I wouldn't even mind talking microservices in general outside of using Seneca too. The concepts are the same regardless of framework. I am really just using Seneca to show examples.
About Me Most of my info can be seen on my website: http://blainsmith.com. I am also a core contributor to Seneca.JS.
Description Microservices are the new hotness. We have started to heavily use http://senecajs.org for all of our services. I've tried to really ingrain myself with the maintainers to help this grow. I would like to bring microservices to more people to see the power of pattern matching, JSON messages, and small deployable services that limit the downtime of the entire platform and even flexibility of tech.
Abstract When we started Odd Networks we knew we had a blank slate to build our platform. Given that our platform was going to eventually support a lot of traffic and clients we knew we had to make sure it was able to scale accordingly and more importantly, easily, given our lean team. We started investigating the idea of microservices which would allows us to build and deploy smaller bits of our platform independently of each other. This seems like a monumental task because it meant building a "distributed system" with "eventual consistency". We learned a lot about this pattern from http://martinfowler.com/microservices/. Both terms just sound scary for a small team to take on. However, we found SenecaJS.org and with their approach to microservices and using pattern matching of plain JSON we felt like we had a great project to get us started.
Once we started digging into it we saw how easy it was to create these small laser focused services that we could have talk to each other with JSON. It was trivial to spin up a new service, deploy it connected to the same message bus as all the other services and have it join the conversation with each other. If one of those services was getting overwhelmed, not a problem, we would deploy a copy of that to the same network. Even choosing the common transport layer was trivial. SenecaJS abstracts that all and lets you choose whatever you want be it Amazon SQS, ZeroMQ, TCP, HTTP, or a mesh network.
Pattern matching has become such a nice piece of the platform as well. Being able to just send a message that is just JSON means in the future any of our services can change to Elixir, Go, you name it. As long as it can pattern match JSON it will seamlessly integrate. Pattern matching also gives us events as well. If Service A tells Service B to do something we send a message to indicate that. Transparently though, Service C can be listening to the same pattern and also do a job based on the message. Service A doesn't even need to know Service C exists. Once Service A joins the network it can automatically start sending messages to Service C without knowing its address.

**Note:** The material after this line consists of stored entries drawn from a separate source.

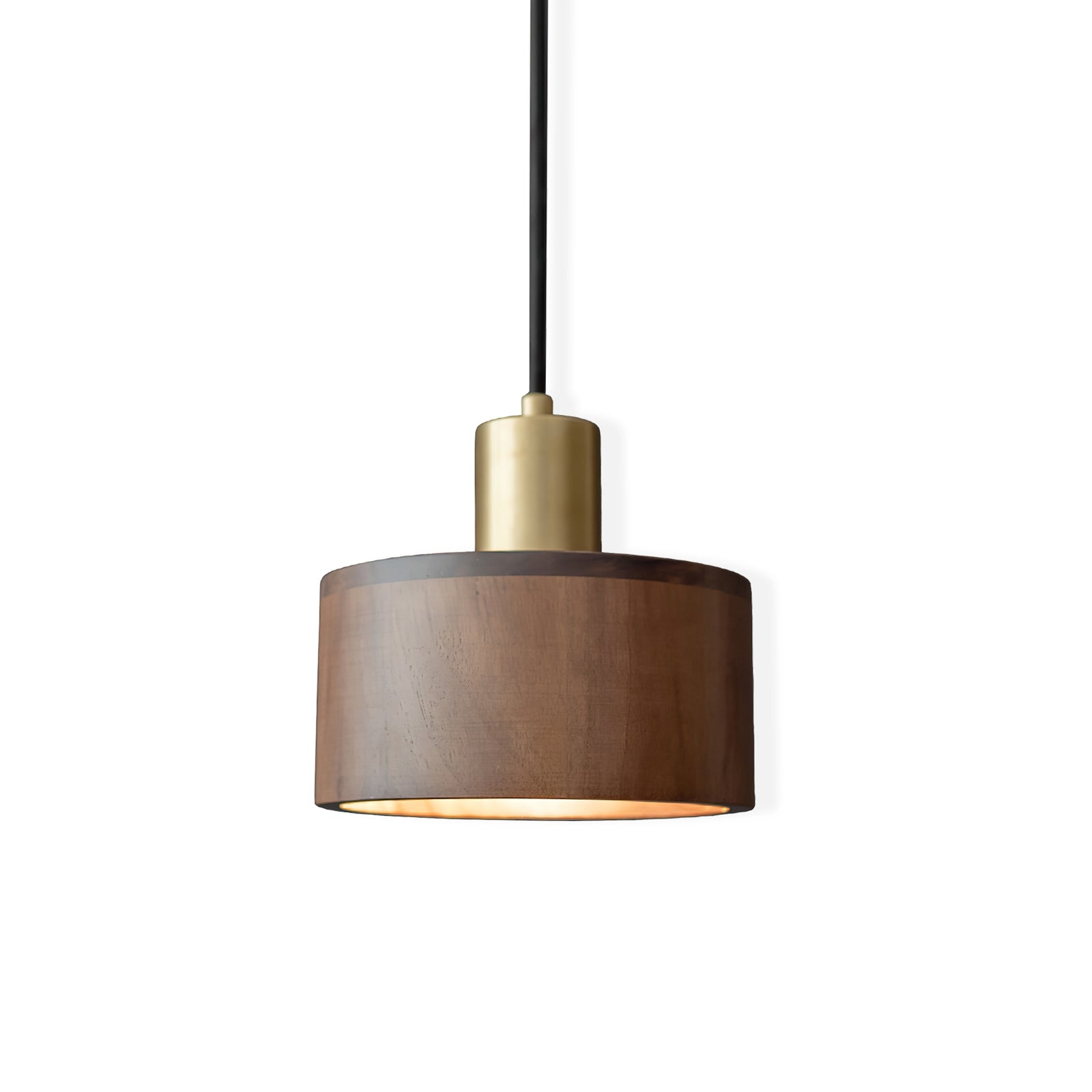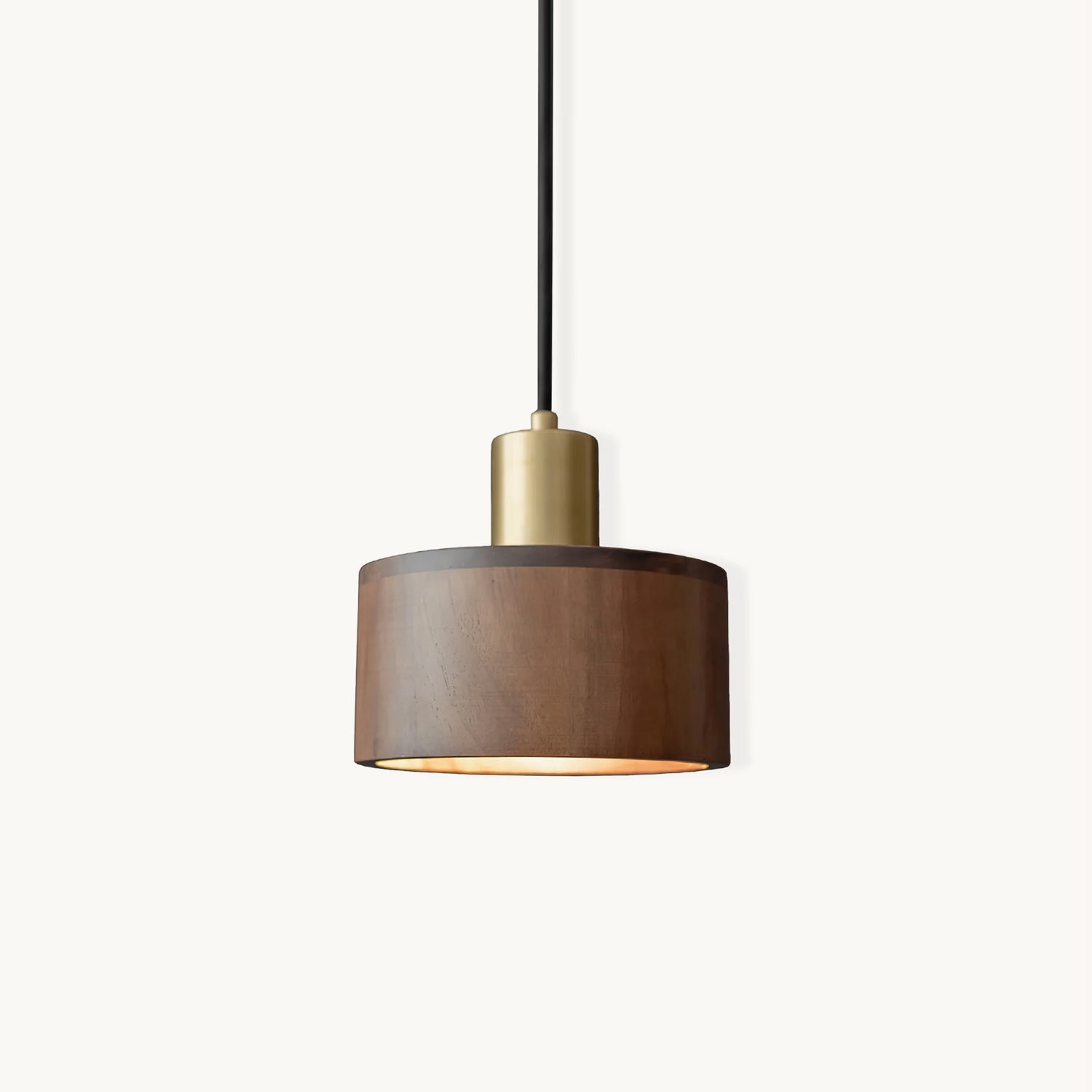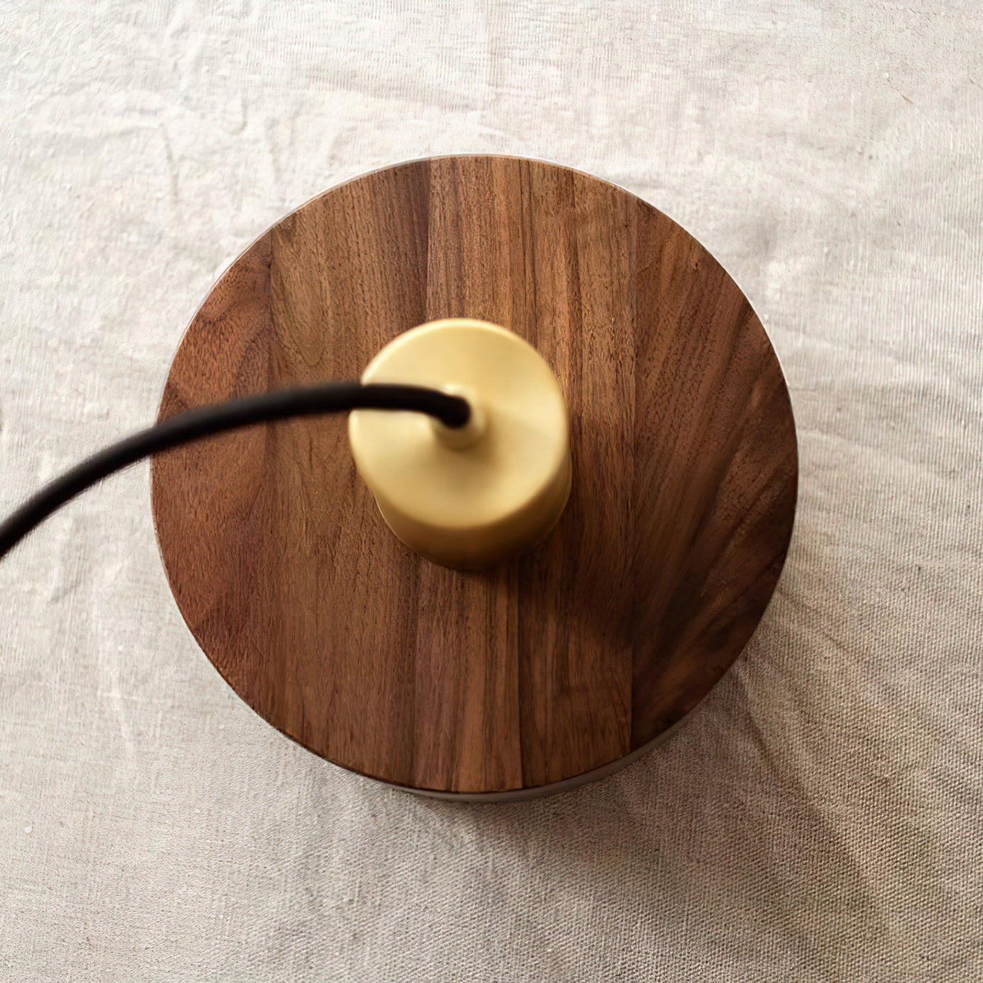 Elegant, sustainably sourced walnut wood layers shed warm light all around, wrapping the bulb like a veil and letting the organic woodgrain take center stage. The plywood internal structure delicately supports the simple wooden layers, fixed by brass screws, creating a soft cylindrical pool of light. Light and elegant, this lamp adds style to tranquil retreats such as bedrooms and living spaces, infusing the beauty of nature and creating a sense of harmony.
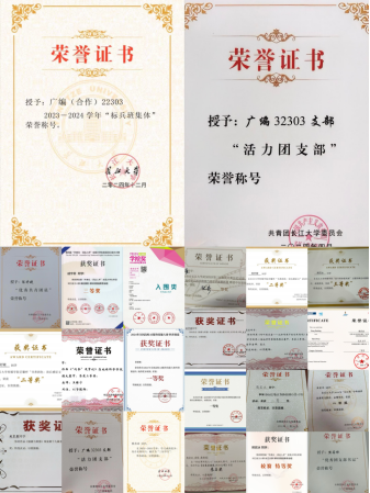 该团支部获得太阳成集团tyc2023年度“活力团支部”、2023—2024学年“标兵班集体”。团支部成员获“国家励志奖学金”“太阳成集团tyc奖学金”10余项;获“太阳成集团tyc三好员工”“太阳成集团tyc优秀员工干部”“太阳成集团tyc优秀共青团员”“太阳成集团tyc优秀共青团干”等20余项校级、院级思政奖项;获“全国老员工心理微电影大赛优秀作品”“全国老员工作文竞赛三等奖”“老员工英语词达人竞赛湖北省三等奖”“大广赛湖北赛区优秀奖”等30余项国家级、省级、校级竞赛奖项。
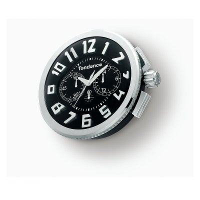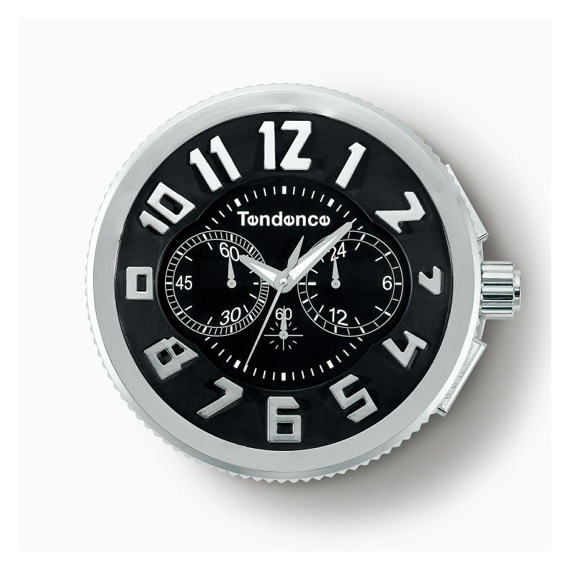 テンデンスの3D立体インデックスと、ケースサイドのピラミッド型の模様を受け継ぎ、ウオッチのデザインをそのまま36cmのクロックに仕上げました。また、実際に機能はしませんがサイドのクロノグラフプッシュボタンも忠実に再現されており、テンデンスファンだけでなく、部屋のインテリアとしても楽しめる、視認性とデザイン性の高いユニークなクロックです。
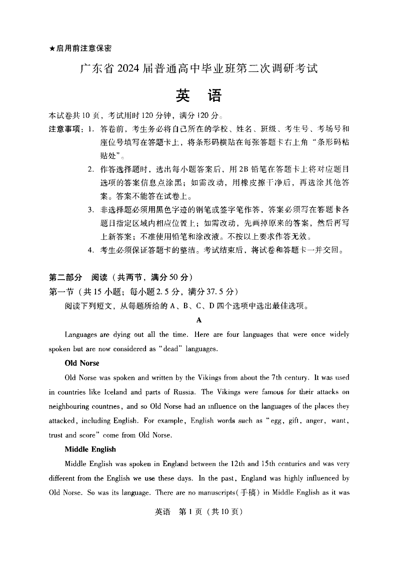广东省普通高中(粤光联考)2023-2024学年高三上学期第二次调研考试 英语

Before using SenecaJS I was always put off trying to build a distributed system. It sounded too complex and overkill for any product I could think of. However, from all that I have learned it is not as complex as it seemed. It introduces some new challenges, but for us the pros outweighed the cons and has proven to be vital in the success of our product.
You can actually see the result of our platform powering a 24/7 poker network on all devices on the market https://www.pokercentral.com/find-us
Takeaway Understanding the power of smaller more focused services that can speak JSON really opens up the idea for choosing any tech that is right for the job.
Prerequisites Understanding of Node.js and communication protocols like TCP, HTTP, and message queues.